I believe the idea was (though this could be a false memory of my interpretation because I cannot find it in the paper now) that separate NNs would be trained to interpret world model representations (states) as human-understandable text. At the very least, this could make the brute size of the interpretability task much smaller because interpreting the internal activations and circuits of the world model or actor NNs producing these representations might not matter. This is related to Bengio’s idea of separating knowledge/models from the “inference” network, where the latter could be much larger. This idea is, of course, embodied in GFlowNets, and indeed it seems to me that they could be used in place of the “world model” in the APTAMI (although LeCun doesn’t like H-JEPA to be probabilistic).
However, I don’t know how to bootstrap the training of these interpretability modules for representations alongside the critic, but this doesn’t seem like an insurmountable engineering problem.
Also, aren’t the latent variables changing as we go, thanks to self-supervised learning? But the Intrinsic Cost Module is supposed to be immutable. I’m confused about how this is supposed to work.

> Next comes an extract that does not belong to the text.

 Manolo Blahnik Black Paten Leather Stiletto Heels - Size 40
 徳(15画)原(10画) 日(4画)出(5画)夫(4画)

To me, “mutability” / online trainability of various parts of the architecture, or AI as a whole seems more like a spectrum than a binary distinction, and in fact not a very important one. You can always think of “immutable” modules as just “learning very slowly, on the level of AI engineering/training iterations”, a.k.a. “model selection”.
So, the “immutability” of the intrinsic cost just highlights that these things should be inferred “very slowly, with governance and caution”, but you can basically configure the learning rate of other parts of the architecture, such as the world model, to also be very low, so that all the surrounding infrastructure: trainable critic modules, the “altruism controller” that I proposed, interpretability modules, alignment processes and protocols, and, finally, the human understanding (i.e., “theories of AI mind” in human heads) all can “track” the changes in the world model and its representations sufficiently closely so that they don’t “fall out of alignment” with them.
Actually, the fact that NNs in human brains en masse should track at least some changes in AI’s world models “in time” and not fall out of alignment with them practically means that the rate of learning in the world models on the high levels of the JEPA hierarchy should be so slow that they de facto could be “immutable” on the level of a particular AI “version”/iteration, and only “learned”/updated between versions, as well as the Intrinsic Cost module. Moreover, it might need to be much slower than even the typical technology release cadence (such as “a new version of AI every 6 months”), e.g., not changing much on any 5-year interval, which seems to me the minimum realistic time in which humans en masse could adjust to a new kind of alien mind around them.
Thanks. That did actually occur to me, but I left it out because I wasn’t sure and didn’t want to go on an exhausting chase down every possible interpretation of the paper.
Anyway, if the input to the Prosociality Score Model is a set of latent variables rather than a set of pixels then:
My OP claim that there are two adversarial out-of-distribution generalization problems (in the absence of some creative solution not in the paper) is still true.
One of those two problems (OOD generalization of the Prosociality Score Model) might get less bad, although I don’t see why it would go away altogether.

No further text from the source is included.